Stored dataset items
◆ ◆ ◆ ◆ ◆ ◆ ◆
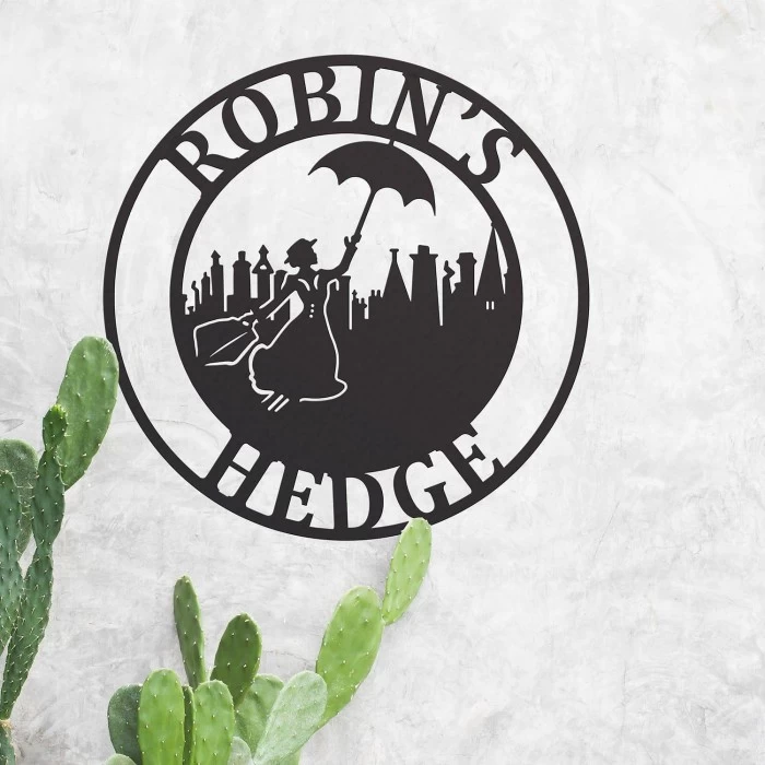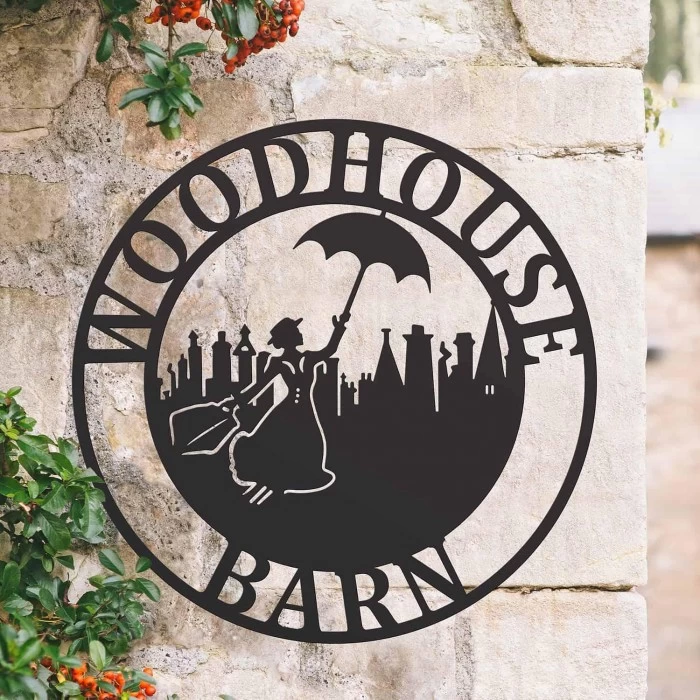 Designed and crafted by our in-house creative team, this fantastic house sign will add style and character to your entranceway. Created using robust steel and finished in a powder-coated midnight black finish, this house sign features a stunning motif of the iconic character if Mary Poppins, elapsed in front of a stunning London cityscape skyline inside the circular house sign.
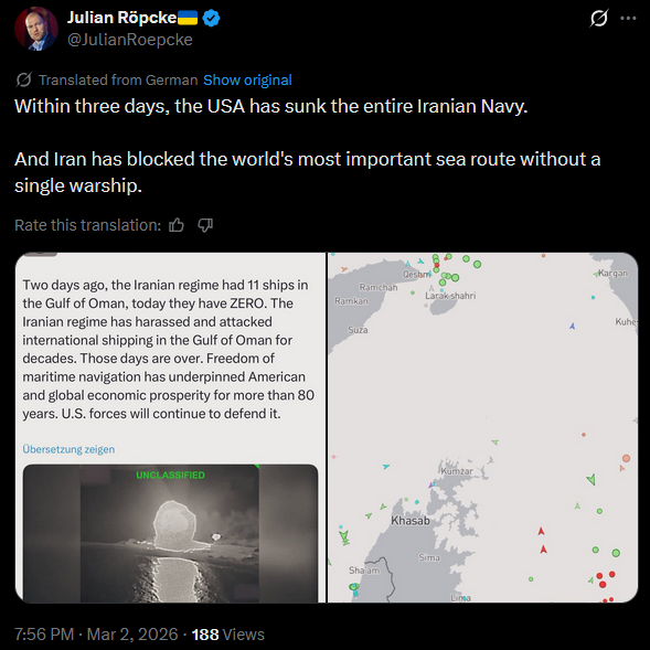 >Within three days, the USA has sunk the entire Iranian Navy.>And Iran has blocked the world's most important sea route without a single warship.Makes you think, doesn't it?
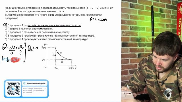 На рТ-диаграмме отображена последовательность трёх процессов (1 → 2 → 3) изменения - №37259
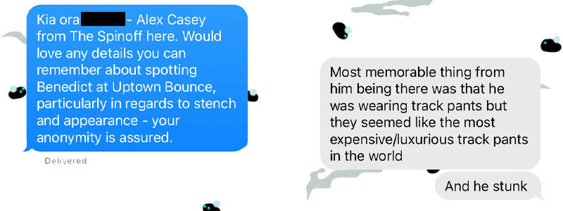 The Spinoff has spoken to an anonymous source who spotted Cumberbatch at popular Auckland trampoline park Uptown Bounce in July, 2020. “Most memorable thing from him being there was that he was wearing trackpants but they seemed like the most expensive/luxurious trackpants in the world,” they said, “and he stunk.”
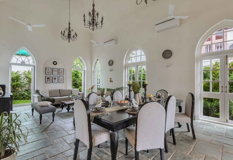 An Ultra Luxurious villa, located in the most upscale locations of Goa aka Assagao; it rests amidst the lush greenery & fauna of this beautiful quaint village. Aah! What better way to savour Goan Susegad than to live stylishly and comfortably in the heart of it? 10 Minute drive to Vagator Beach & a stone’s throw away from all the best restaurants Goa has to offer (I.e Jamun, Izumi, Tamil Table, Gunpowder, Mojigao etc)
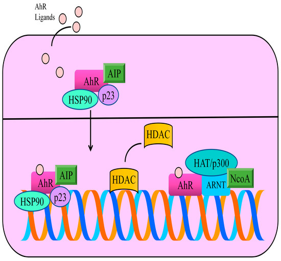 In the inactive state, AhR is primarily located in the cytoplasm and exists as a multi-protein complex with two chaperone proteins, HSP90 (heat shock protein 90) and co-chaperone p23. Moreover, AIP (AhR interacting protein) is a conserved co-chaperone protein that binds to many proteins, including AhR and HSP90. AhR ligands cross the plasma membrane and bind to AhR. These interactions allow the transportation of ligand-receptor complexes into the nucleus. ARNT (AhR nuclear translocator) is a basic Helix-Loop-Helix Motif containing transcriptional factor. Therefore, after accumulation of AhR in the nucleus, AhR forms heterodimers with its partner ARNT. Functionally active heterodimers bind specific DNA regions located in the promoter regions of different genes. AhR works with wide variety of co-factors and chromatin remodeling machinery. The steroid receptor co-activator (SRC) family of p160 proteins consists of SRC-1 (NcoA-1), SRC-2 and SRC-3. AhR/ARNT complex promoted the recruitment of SRC family of transcriptional co-activators. Histone deacetylases (HDACs) are displaced by AhR and histone acetyltransferases are recruited by AhR to stimulate transcriptional gene networks.
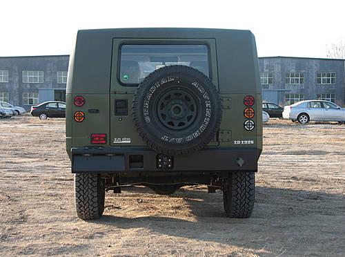 其外形設(shè)計(jì)的目標(biāo)原則是強(qiáng)調(diào)在繼承中發(fā)展的思路,實(shí)現(xiàn)突破創(chuàng)新和現(xiàn)代感的全新造型;強(qiáng)調(diào)具有中國文化底蘊(yùn),不與國內(nèi)、國外車型雷同;在保持傳統(tǒng)特色的同時(shí),來強(qiáng)化現(xiàn)代感。其以粗獷、簡潔、威武的造型,展現(xiàn)了我軍威武之師、現(xiàn)代軍隊(duì)的風(fēng)貌和現(xiàn)代“硬派”越野車的風(fēng)格。外形個(gè)性鮮明,車身外觀緊湊而流暢,前臉造型模仿狼眼外眼角上揚(yáng)、怒視前方的表情,與前保險(xiǎn)杠融為一體的狼牙造型,將野性、威猛的氣勢(shì)演繹得淋漓盡致。篷頂后部稍向下沿伸,恰似豹子起跑前的后坐姿勢(shì),突出了整車的動(dòng)感與強(qiáng)悍。
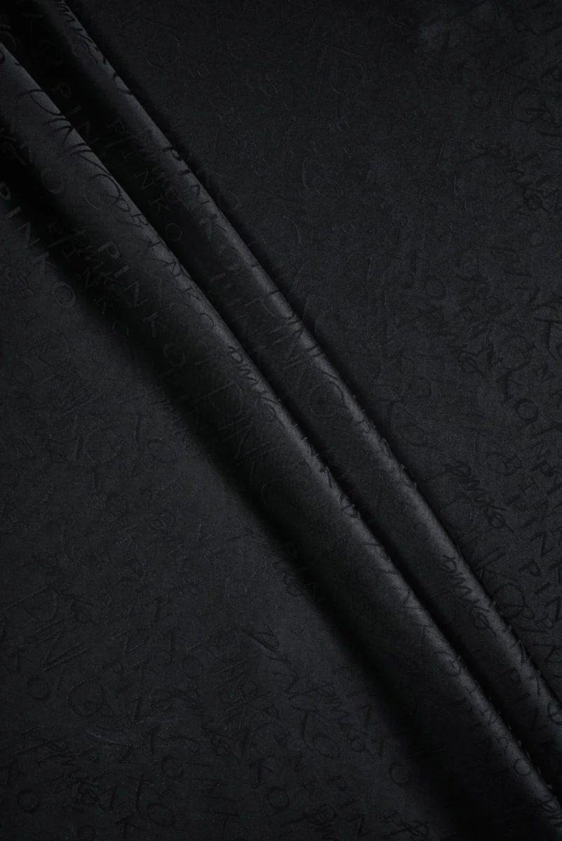 Țesătura jacquard italiană țesută dintr-un amestec de vâscoză, acetat și poliamidă, cu un motiv de litere negre. Modelul mat este dens și realizat în diverse dimensiuni și fonturi, în timp ce fundalul negru este strălucitor. Materialul este de grosime medie, opac, neelastic și are o țesătură strânsă. Este puțin grea, adică curge în jos. Provine din colecția unui brand de modă cunoscut. Poate fi folosită pentru a coase o bluză, o cămașă, o fustă sau ca căptușeală.
◆ ◆ ◆ ◆ ◆ ◆ ◆
● **WHAT NEEDS TO BE DONE**
Above are the records. Copy only the lines from the one with "In the inactive" through the one with "其外形設(shè)計(jì)", exactly, with no pictures.

● **SOLUTION TO THIS PROBLEM**
 In the inactive state, AhR is primarily located in the cytoplasm and exists as a multi-protein complex with two chaperone proteins, HSP90 (heat shock protein 90) and co-chaperone p23. Moreover, AIP (AhR interacting protein) is a conserved co-chaperone protein that binds to many proteins, including AhR and HSP90. AhR ligands cross the plasma membrane and bind to AhR. These interactions allow the transportation of ligand-receptor complexes into the nucleus. ARNT (AhR nuclear translocator) is a basic Helix-Loop-Helix Motif containing transcriptional factor. Therefore, after accumulation of AhR in the nucleus, AhR forms heterodimers with its partner ARNT. Functionally active heterodimers bind specific DNA regions located in the promoter regions of different genes. AhR works with wide variety of co-factors and chromatin remodeling machinery. The steroid receptor co-activator (SRC) family of p160 proteins consists of SRC-1 (NcoA-1), SRC-2 and SRC-3. AhR/ARNT complex promoted the recruitment of SRC family of transcriptional co-activators. Histone deacetylases (HDACs) are displaced by AhR and histone acetyltransferases are recruited by AhR to stimulate transcriptional gene networks.
 其外形設(shè)計(jì)的目標(biāo)原則是強(qiáng)調(diào)在繼承中發(fā)展的思路,實(shí)現(xiàn)突破創(chuàng)新和現(xiàn)代感的全新造型;強(qiáng)調(diào)具有中國文化底蘊(yùn),不與國內(nèi)、國外車型雷同;在保持傳統(tǒng)特色的同時(shí),來強(qiáng)化現(xiàn)代感。其以粗獷、簡潔、威武的造型,展現(xiàn)了我軍威武之師、現(xiàn)代軍隊(duì)的風(fēng)貌和現(xiàn)代“硬派”越野車的風(fēng)格。外形個(gè)性鮮明,車身外觀緊湊而流暢,前臉造型模仿狼眼外眼角上揚(yáng)、怒視前方的表情,與前保險(xiǎn)杠融為一體的狼牙造型,將野性、威猛的氣勢(shì)演繹得淋漓盡致。篷頂后部稍向下沿伸,恰似豹子起跑前的后坐姿勢(shì),突出了整車的動(dòng)感與強(qiáng)悍。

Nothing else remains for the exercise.